Conclusions: For children with DCM, calcium supplements may be beneficial. AAs, including serine, cysteine, and arginine, could be used for supplementary treatment in children with DCM and HCM.

1 Introduction

In the statement of the American Heart Association, cardiomyopathies (CMs) are rare in children, with high mortality (1). Causes are heterogeneous in pediatric CMs, ranging from genetic mutations to systemic diseases. The classifications of CMs are complicated and varied. According to the World Health Organization, CMs are classified into primary and secondary. Primary cardiomyopathies (PCMs) are heart muscle diseases in the absence of secondary pathogenic causes. Based on morphologic abnormalities and pathophysiology, PCMs were grouped into dilated cardiomyopathy (DCM), hypertrophic cardiomyopathy (HCM), restrictive cardiomyopathy (RCM), and arrhythmogenic right ventricular cardiomyopathy (ARVC) (2). According to the European Society of Cardiology in 2023, left ventricular noncompaction cardiomyopathy (LVNC) was also categorized as a type of CMs characterized by unique changes in morphology and function of the left ventricle (3).

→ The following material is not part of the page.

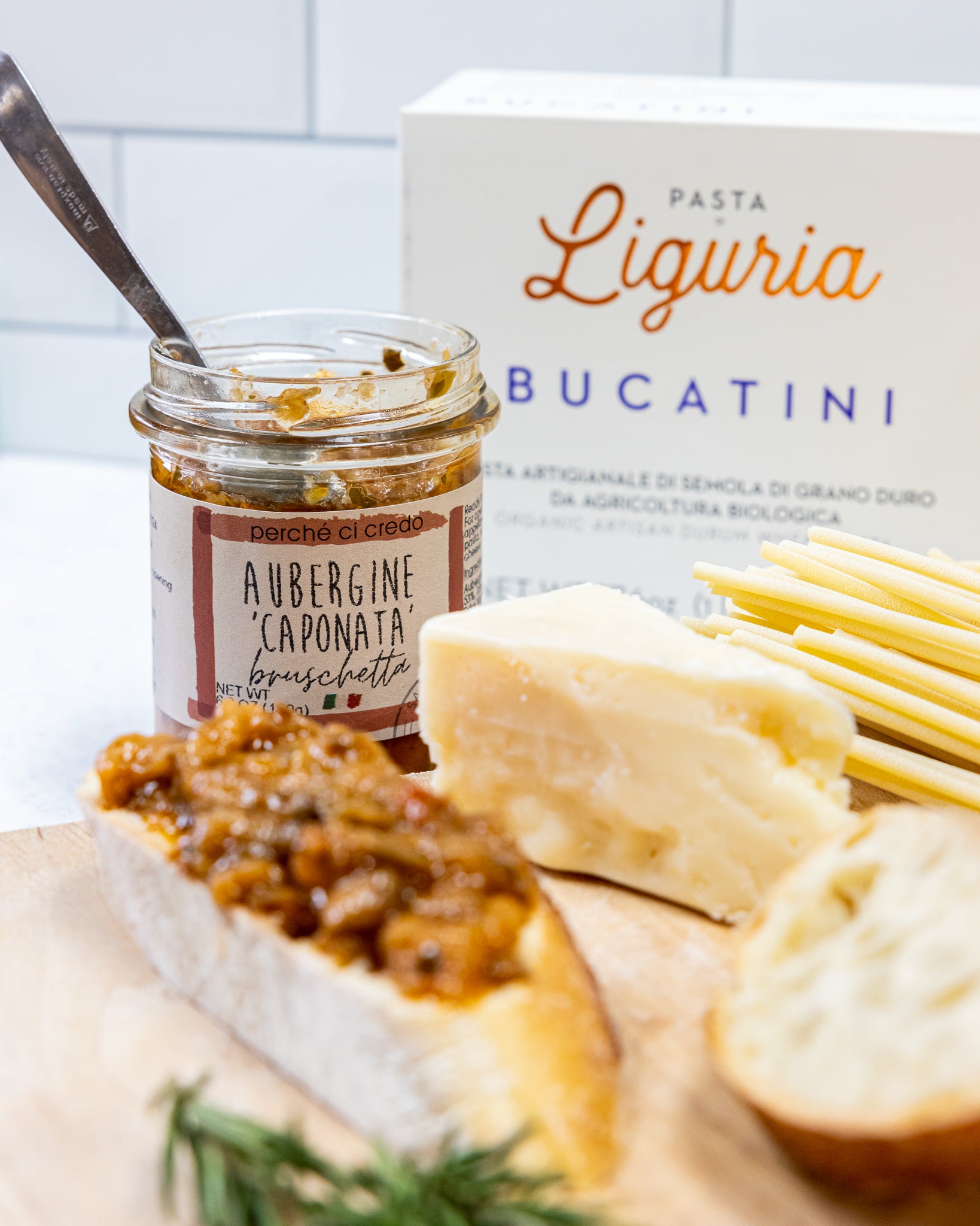 This Sicilian caponata is a flavorful ode to the Southern Italian summer. Perfectly ripe eggplant is slow-cooked in a fresh tomato sauce and extra virgin olive oil until rich and silky-tender, then brightened up with a tangy splash of lemon juice, raisins and orange peel. Try this caponata on a slice of crusty, toasted bread, as a unique pizza topping, or even to dress up your pasta.

DCM is defined as left ventricular (LV) dilatation and systolic dysfunction in the absence of abnormal loading conditions and coronary artery disease (4). In DCM, common direct causes are gene mutations, infections, and autoimmunity (5). Many genes are associated with pediatric DCM, such as TTN, MYH7, RBM20, TNNT2, and DSP (6). HCM is a primary inherited cardiac disease characterized by LV hypertrophy without the existence of abnormal loading factors (e.g., congenital heart diseases, hypertension) (8, 9). TTN, MYH7, MYH6, PRKAG2, and MYBPC3 are related to pediatric HCM (6). RCM, ARVC, and LVNC are rare in CMs. RCM is described as a myocardial disorder characterized by structural and functional abnormalities, with the characteristics of restrictive ventricular filling (9, 10). LVNC, also called LV noncompaction, is characterized by excessive trabeculation in the left ventricle (11, 12). ARVC is a right ventricular (RV) inherited CM. Mutations of the gene encoding sarcomeric or cytoskeletal proteins are the common causes of RCM and LVNC (9, 11). Mutations of genes encoding desmosome proteins play a key role in the pathogenesis of ARVC (13).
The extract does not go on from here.